The authors point out that there are couple more pre-requisites for this to actually work. The first one is to enable teams to thrive. Daniel Pink's, now famous, work on the basis to allow for super performant individuals and teams is core to the argument here. The teams that are shaped to match desired system boundaries need to be able to decide on their own how achieve their goals (autonomy). They also need to have the skills to do it (mastery) so that the tasks are achievable. Finally, they need to really understand what the goal is. Not how to get to that goal, they can find that out on their own if they have autonomy and master, but where they really want to go (purpose).
This last point is crucial and hard to get right. This is now the most important responsibility for the senior team: to align rewards with the desired outcomes. Similarly to experiments, it should not matter how the outcome is achieved. The idea is that the teams are most likely going to find smarter faster ways to reach the desired outcome than a plan laid out by leadership.
Moving from current state to new architecture
Hopefully all the arguments the authors have laid out make sense. If they do, you will find yourself with a problem: how do we transition from our current monolithic system and rigid processes to the new way of architecting organizations and systems.

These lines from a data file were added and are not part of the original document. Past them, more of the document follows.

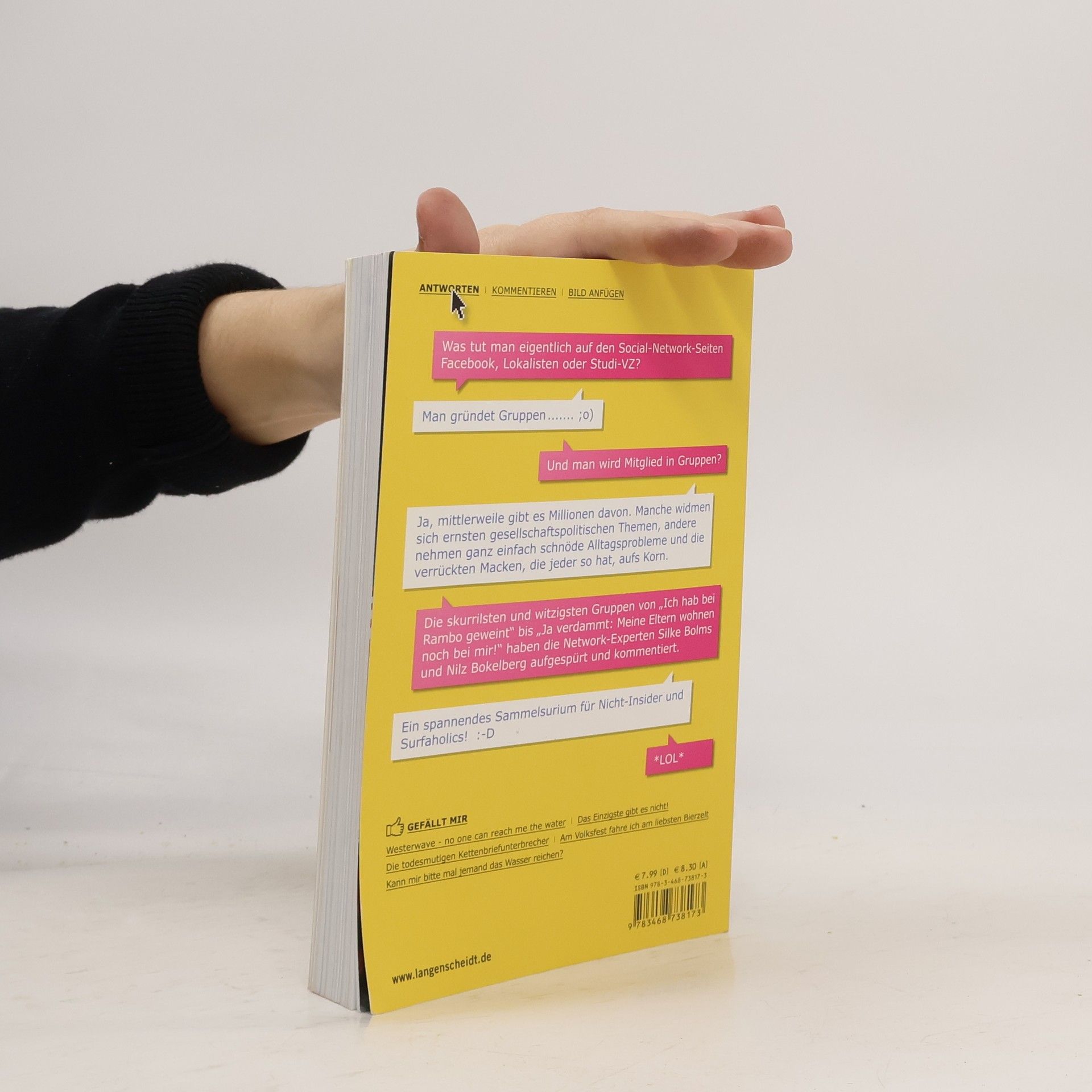 * „Kann mir bitte mal jemand das Wasser reichen?“: Die 140 besten Spaßgruppen aus dem Internet * Zu Themen, die die Internetwelt bewegen: Von Mode über Sprachsünden bis Lebensmottos * Illustriert mit witzigen Fotos * Gesammelt und kommentiert von den Networking-Experten Silke Bolms und Nilz Bokelberg * Für Netzwerk-Fans und Nicht-Insider, die endlich wissen wollen, was auf Facebook & Co. eigentlich vor sicht geht
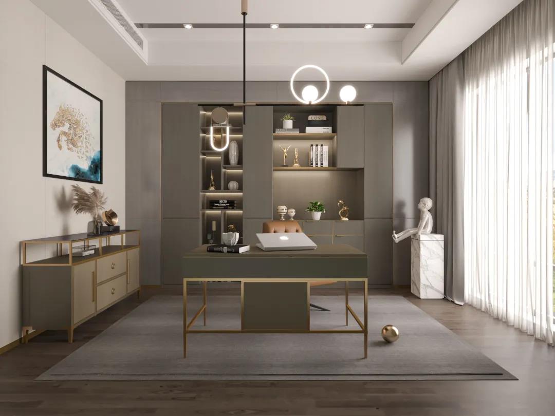 書房用現(xiàn)代手法定制了一個審美與意境并存的閱讀空間,極具生活儀式感。整體嵌入式書柜,用淺灰打底,深灰為框架,讓身心閱讀片刻沉浸。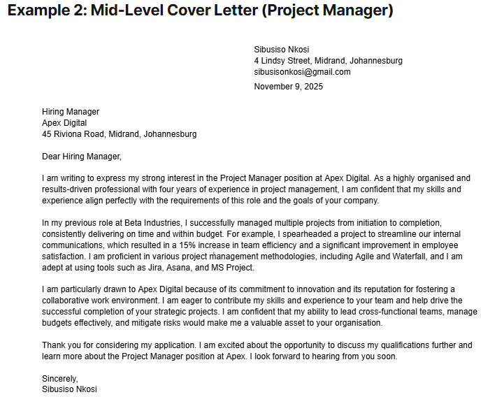 You need a career change cover letter format when transitioning into a new industry or profession. Since your previous job titles may not directly match the role you are applying for, focus should be placed on transferable skills such as leadership, communication, problem-solving, and technical knowledge. This letter explains why you are pursuing a new career direction and how your experience prepares you for success.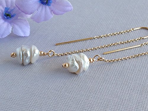 -. Title : 14k Gold Filled Threader Earrings with Keishi or Cornflake Pearls, Gold Ear Threads with Pearls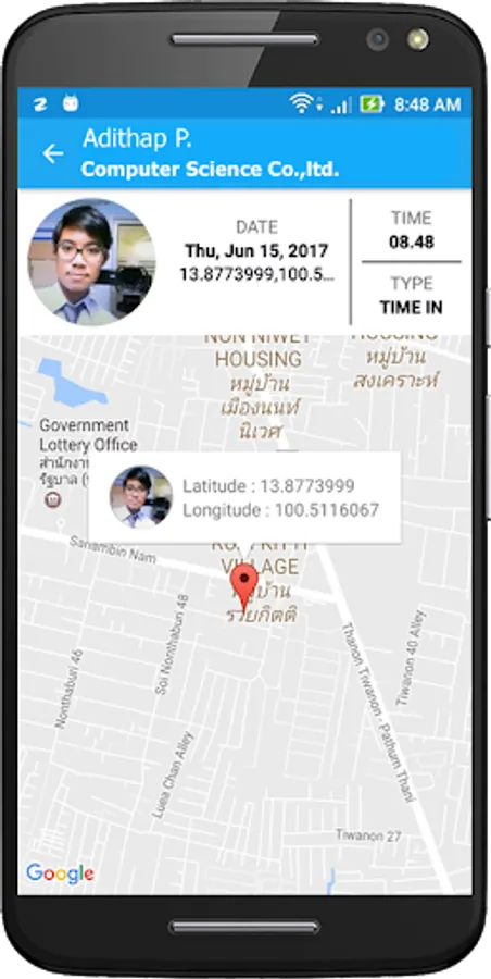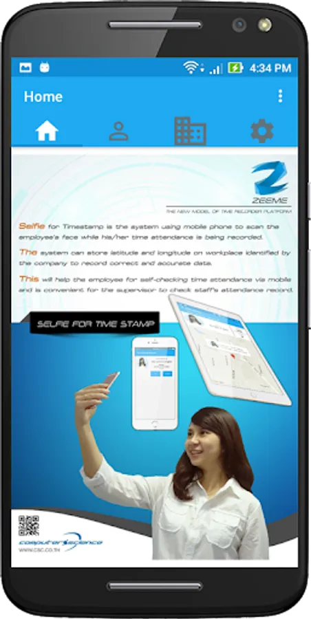 This software is used to make Time Stamp by Selfie via Smartphone and checks Longitude and Latitude, then stores in the system. It is available both iOS and Android. The software automatically compares an image chosen by the face capture with images stored in a user smartphone. Guarantee high probability of correct recognition and quick search of databases containing hundreds or thousands of images.

The pattern is common when it comes to software and will sound scary if you think about people and organization but the idea still holds. The pattern is called Strangler. When it comes to systems, the idea is that you build a new version in a new architecture that replaces a piece of the old system. Once happy with the new version, you slowly direct users to the new version instead of the old one until you have fully diverted the usage to the new system. You can then remove the ununsed piece of the old system.
A similar approach works for organizations. You slowly change a piece of the process and a group of people to work differently. Once they start showing results, you expand the change to other groups slowly until everyone has moved to the new processes.
Part III is pretty dense because it handles one of the longest periods in an organization's life. The majority of the work will be in the exploit phase and that's where actual sizable value is returning to the organization. Ultimately, part III probably describes more so what daily life in a Lean Enterprise will feel life once you get there. In a few weeks, I'll tackle the last part of the book, Part IV, which covers how to transform your whole organization. What needs to change and where and when.